Strand Three raises other categorical questions, such as when are other educational alternatives to be considered part of a “uniform system of common schools?”   For example, there are three forms of charter schools in Nevada depending on their sponsorship: District, University/College, and those approved by the State Public Charter School Authority.  The latter category gets us into some Alphabet Soup.  A private charter hires an ESP (Educational Service Provider) to handle day to day operations, and this management comes in two forms, the CMO and the EMO.  (Charter Management Organization, and Educational Management Organization) The EMO’s are more often those corporations which can afford to purchase school facilities.  Once the Alphabet Soup is sorted, it’s easier to examine the program management to see if it fits the template of a school’s definition of an institution fitting into a framework of “a uniform system of common schools.”

The extensive provisions of NRS 386 on Charter Schools should give some assurance of public accountability. There is an annual report from the Sponsor  NRS 386.610: For each charter school that it sponsors with a written charter, an evaluation of the progress of each such charter school in achieving the educational goals and objectives of the written charter. And, For each charter school that it sponsors with a charter contract, a summary evaluating the academic, financial and organizational performance of the charter school, as measured by the performance indicators, measures and metrics set forth in the performance framework for the charter school.  Three consecutive years of underperformance and determined by the CMO/EMO evaluation standards, and they’re out.
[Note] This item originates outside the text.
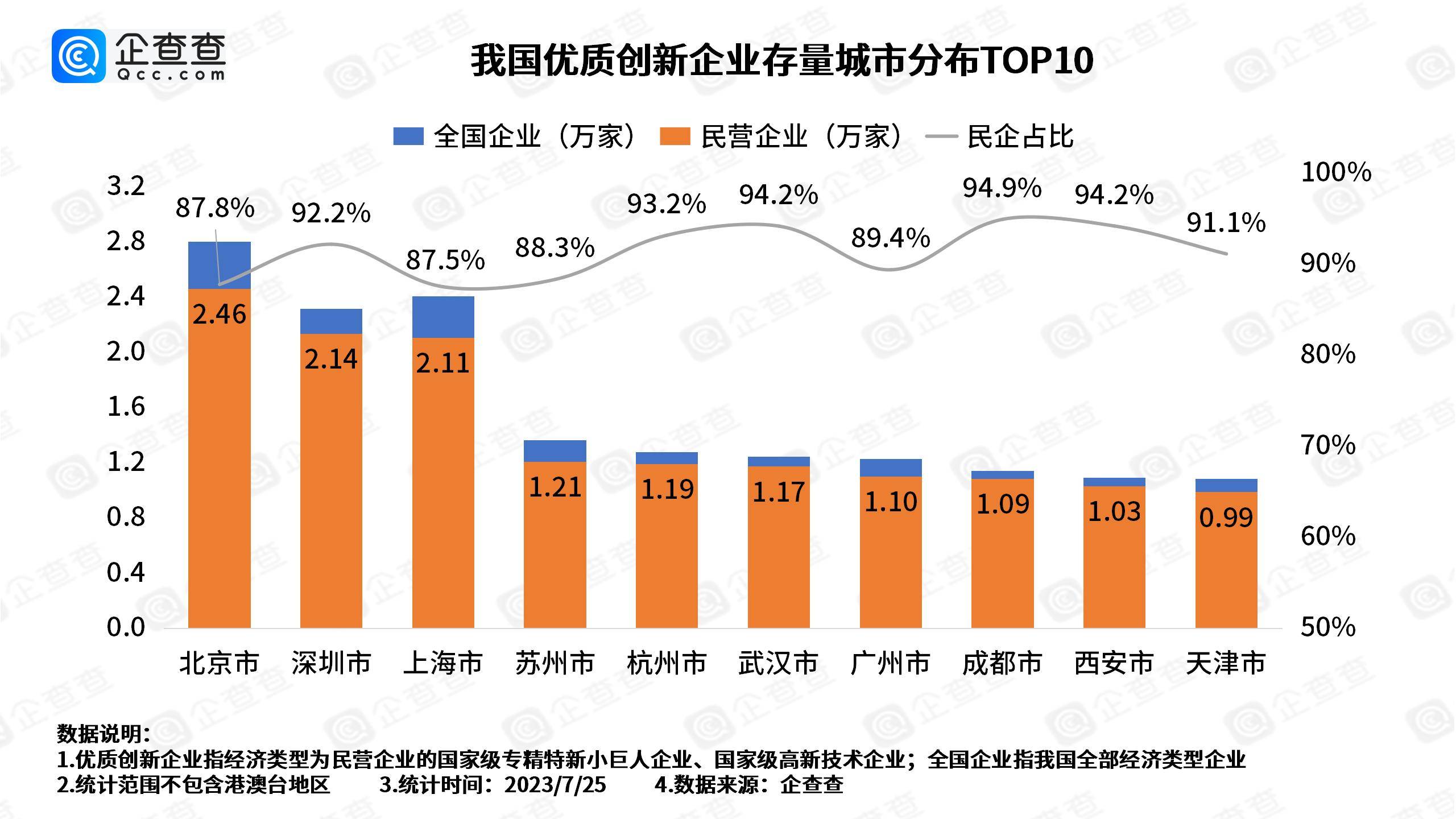 企查查数据显示,截至2023年7月24日,我国合计现存40.3万家优质创新企业,其中民营企业有36.9万家,占比91.6%。

Not surprisingly, most of the Nevada charter schools are located in the Las Vegas suburban area.  Nor is it any great surprise that the ethnicity of 61.61% of the state charters is White, as compared to 35.98% statewide, and while the composition of public schools is about 40.56% Hispanic, the state charters enroll only 16.11% of that student population subset. [NVReport Card]  Surely, schools part of a “uniform system of common schools” would have enrollment statistics which better mirror those of the public schools? 
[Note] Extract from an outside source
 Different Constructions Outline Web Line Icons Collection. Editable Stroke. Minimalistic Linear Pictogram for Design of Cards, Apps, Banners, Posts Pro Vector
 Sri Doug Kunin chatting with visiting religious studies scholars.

Thus, the question: If a school, while adhering to the testing regime of the State, isn’t representative of the enrollment of the “common schools” using even the most broad statewide description, does it qualify for public funding for its operations?  And, may a school, with the permission of the state, expend public funds if it fails to offer the same programs for special students as are required in the public schools?  In other words, do we have one system of common schools or two?

Who’s Choosing?

Heaven forbid I’m bashing private schooling – I’m one of its products.  However, I am also one who believes that private schooling is a choice, a choice made by parents who don’t want to avail themselves of the choice to send the kids to the public school.  Taxes are paid into state and local coffers for the maintenance of “a uniform system of common schools,” so that every other youngster in town who isn’t a parish member or having the luck to be born to parents who can afford private education,  isn’t denied  schooling.   The passage of the ESA legislation simply means I don’t have the choice NOT to pay for someone else’s choice to attend a private school.